Marik gathered in energy.  With the physical shield
woven around his blade, his reserves would drain far quicker.  That would be no
problem if he ever figured out how to continually draw while utilizing his
strength working.  Of course by then, Sennet would have his new blade ready,
and it would no longer matter.  Today he would need to be cautious.

He would hold the frontline and destroy any black
bastards that dared to come near.  When his reserves ran low, then he could
duck back into the line long enough to refill from the mass diffusion. 
Or
,
he thought,
if I can cut a wide enough swatch, then I might be able to drop
the workings long enough to fully refill before they close ranks on me.

That might work as well.  He remembered the void that
had surrounded him at the Hollister Bridge when the Noliers came to realize he
was different from the other fighters.  If that happened, he might have to lead
the frontline in a charge against the enemy, forcing them to confront him.

But he could do it.  His fighting skills were top
level, unmatched by these slobs who thought being a soldier also meant being a
fighter!  He would show them what real skill was.

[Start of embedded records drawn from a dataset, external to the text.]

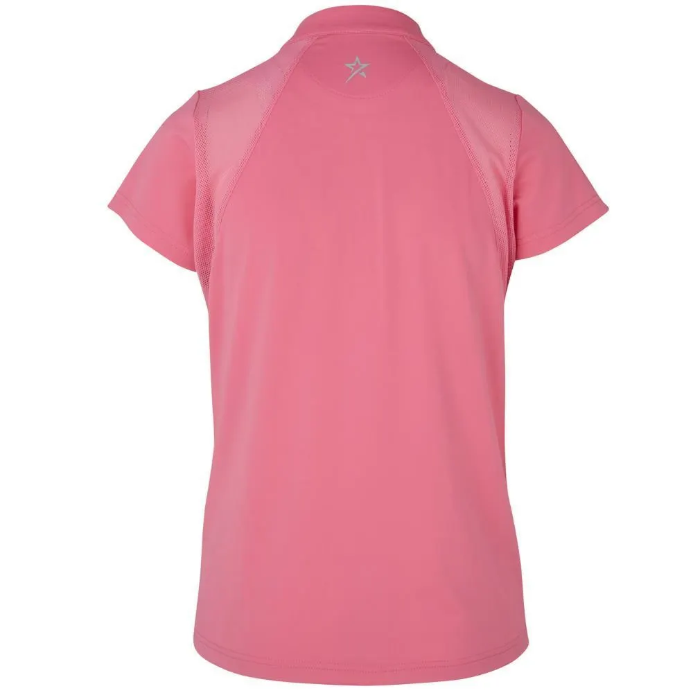 Swing Out Sister knows how to design wardrobe essentials and this cap sleeve polo is one of them. Designed in a simple, slim fit with mesh panels to the shoulders and running down the sides of the body add a contemporary detail and provide extra ventilation. The polo is so instantly wearable, with a soft, lightweight feel against the skin. The four-way stretch, performance fabric is breathable, moisture-wicking, and has inherent sun protection to SPF30 so you can play in comfort all day.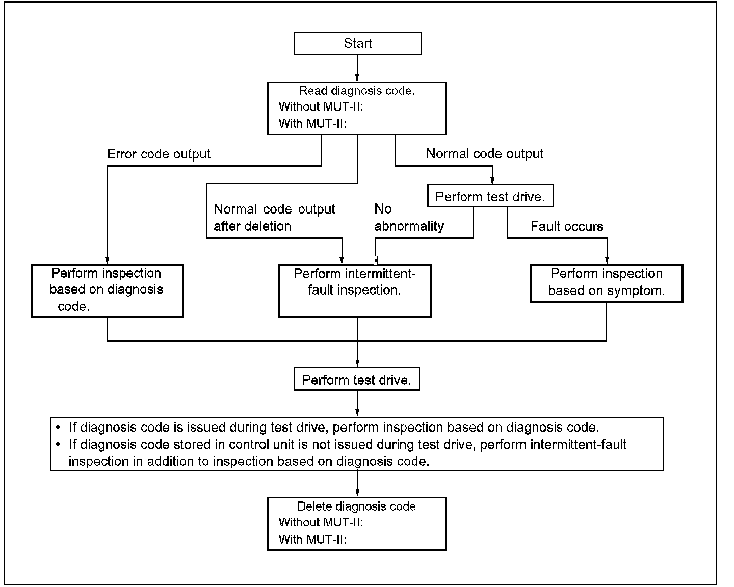 - The memorized fault location can be read as a diagnosis code using an MUT-II or the diagnosis switch.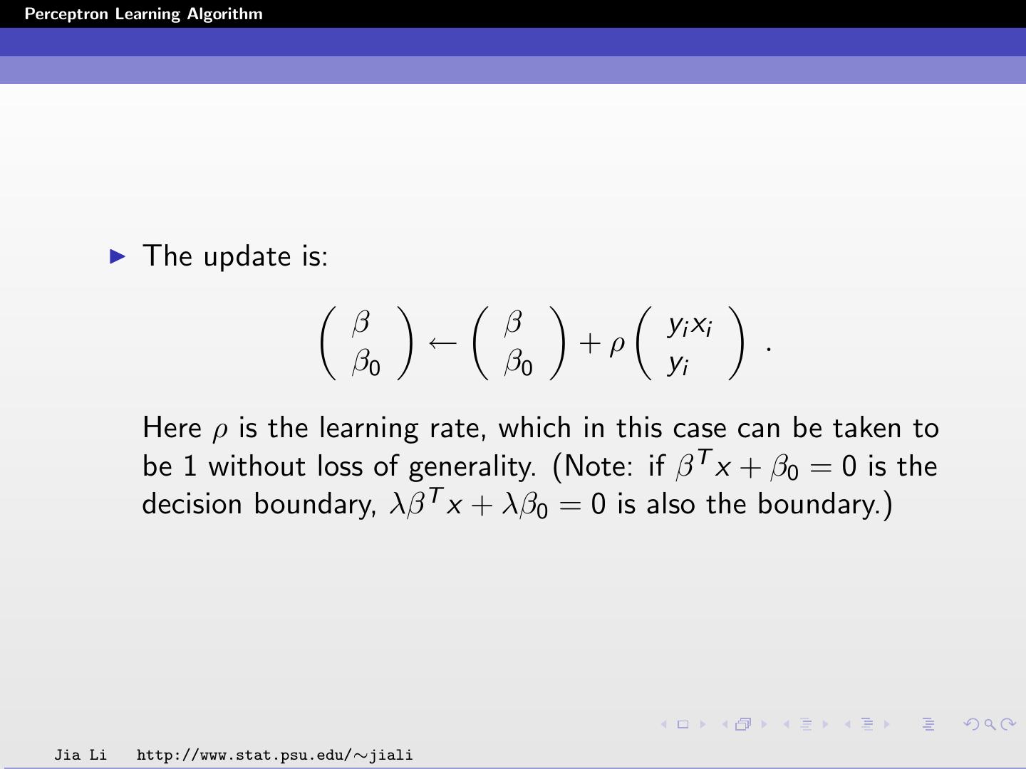 8 .Perceptron Learning Algorithm The update is: β β yi xi ← +ρ . β0 β0 yi Here ρ is the learning rate, which in this case can be taken to be 1 without loss of generality. (Note: if β T x + β0 = 0 is the decision boundary, λβ T x + λβ0 = 0 is also the boundary.) Jia Li http://www.stat.psu.edu/∼jiali

Yes, and he would show the ‘appointed’ Arm of Galemar
what made a true warrior.  Let him wallow in the knowledge that he only aped
his predecessors.  He could stew in his own shame that commoners were more
deserving of being acknowledged as the greatest warriors of the age.  Marik
hoped a tone-deaf minstrel would write another song that would endlessly warble
through the nobility’s halls and forever torment this grandiose kingdom
defender.

That might send the puffed-up nobles a clear slap to
the face.  He grinned at the thought before reentering the etheric.  This time
he sank through the insubstantial ground to search for any lines flowing near
the Rovasii.  The faint sensation of heat baking across his being quickly led
him to two.

Both lines were very thick and strong.  They flowed
south, into the forest, or under it, he supposed.  He hesitated to touch
either.  His experience with lines was limited.  These were far larger than the
fat lines flowing under Thoenar.

Tollaf had assured him such a difference would
not
make a difference, the old fart sounding less than credible as he listed
endless variations between lines, all while stating that none of them changed
their nature in any significant manner.  The flowing energy would answer to his
manipulations as long as he refrained from reckless actions.